For the past few months, Main Street Highland Park (MSHP) and the Highland Park Redevelopment Agency (HPRA) have been having conversations about how to redevelop the Raritan Avenue vacant lots next to Main Street’s building, as well as the Main Street building lot itself. The goal would be to bring energy and vitality to the downtown with a public square and a market/community arts building.

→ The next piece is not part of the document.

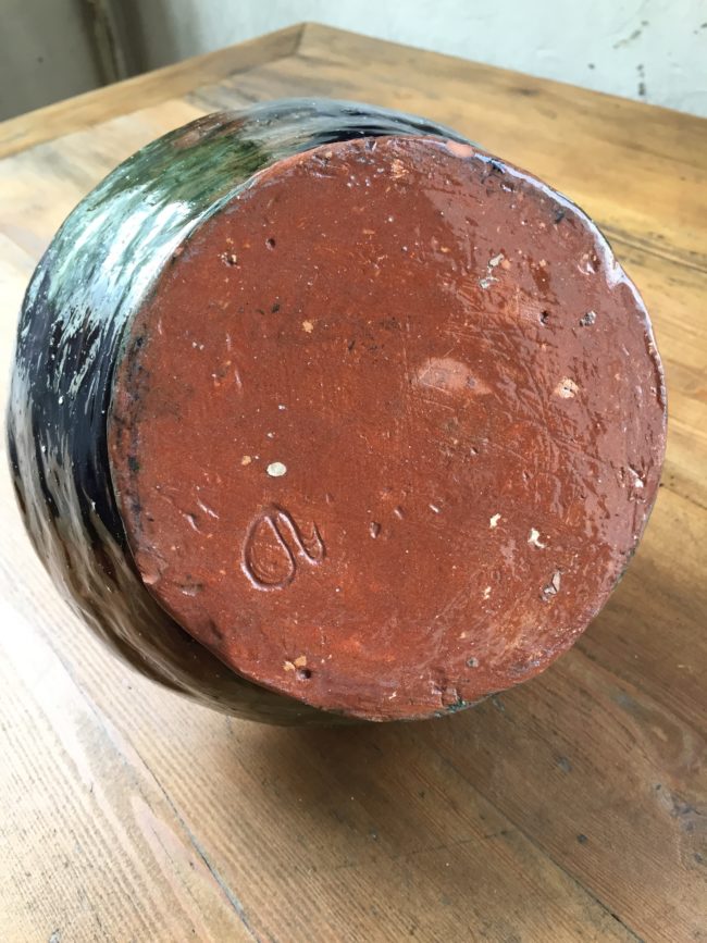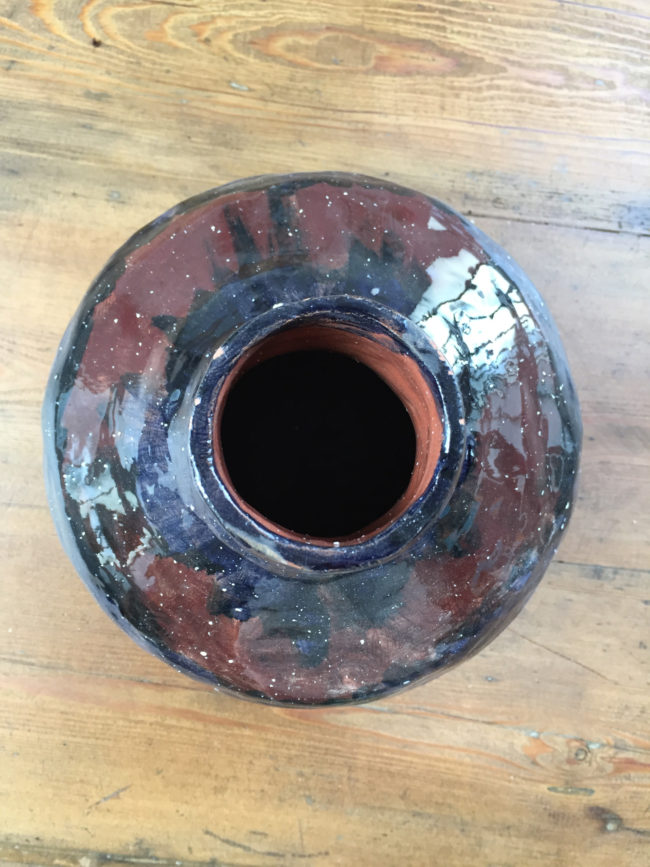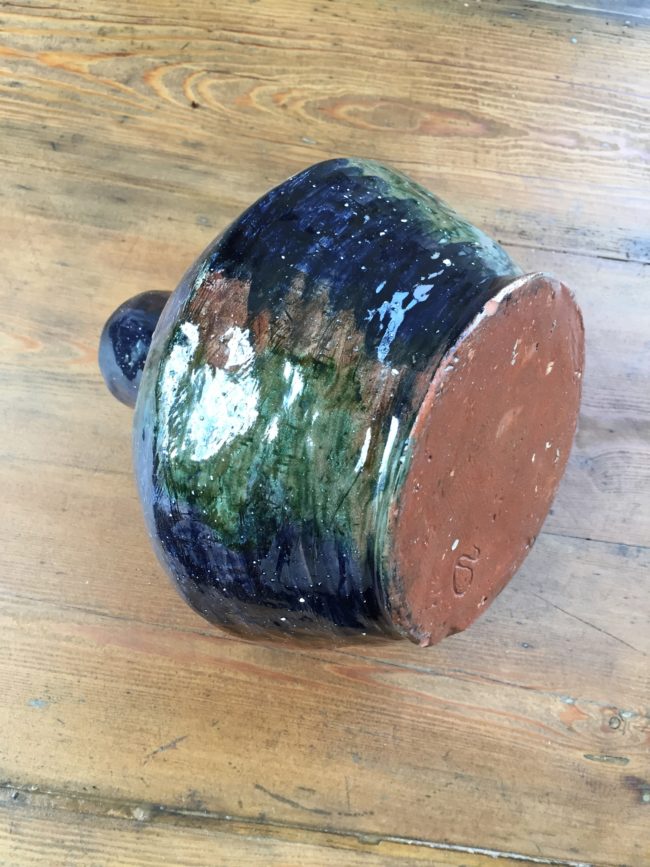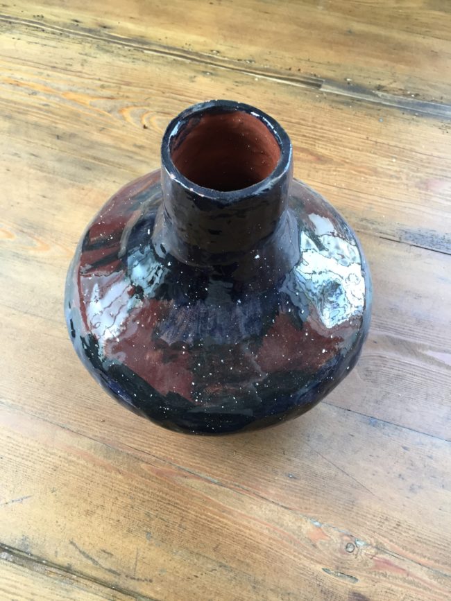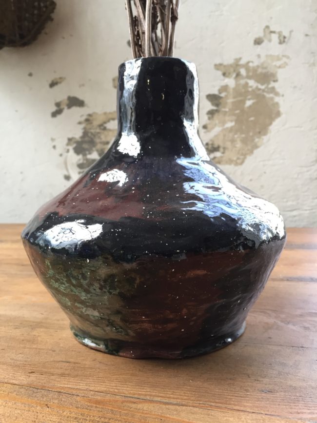 Ancien petit vase en terre cuite avec ses couleurs vives et sa peinture mouchetée.

MSHP’s Design Committee Chair James Nichols, AIA from Main Street Highland Park first presented Main Street’s concept for redevelopment to the Highland Park Redevelopment Agency on December 3, 2015. Since that time Main Street and HPRA have been establishing criteria and figuring out how to take this project to the next step. According to MSHP’s executive director, “in the ongoing redevelopment and revitalization of our downtown, a public square and gathering space is an extremely important piece of the puzzle. Not only could this space provide a permanent home for our hugely successful Farmers Market, Christmas tree and menorah lightings, outdoor movie nights, but it could also provide a space for music performances, art exhibits, impromptu games, outdoor picnics, and more.

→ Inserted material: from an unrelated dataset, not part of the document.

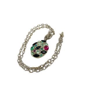 Womens Silver Multi-gem Pendant Necklace 22" Front T-Clasp 0836 Facet Fashion

Mr. Nichols in December presented a concept for developing the parking lot (222 Raritan), the old Senior Center lot (218 Raritan) and the facility currently used by Main Street (212 Raritan) into a public square and market/community Arts Center. What followed that initial presentation was strategic planning on how arrange revenue generating developments that could amortize the construction of a market/arts building and square while simultaneously creating amenities for the community
Most of the feedback from the Redevelopment Agency has been very positive about having a public square and a community building. However, members expressed skepticism as to whether a developer would be satisfied with the suggested amount of market rate housing. As Rebecca Hersh has indicated, that was the goal of the presentation: to consider the nuances and what hurdles have to overcome.
“That’s why the concept we presented to the Redevelopment Agency was more than a potential real estate development. It is an initiation of the discussion of what it would take to realize the desires and needs of our community,” she said.
The Redevelopment Agency members agreed that public activity should continue to occur in the space. The sentiment that resonated with everyone was the need for a quality public space that could be used to formalize those activities, boost the pedestrian experience and provide an obvious place of gathering to the town.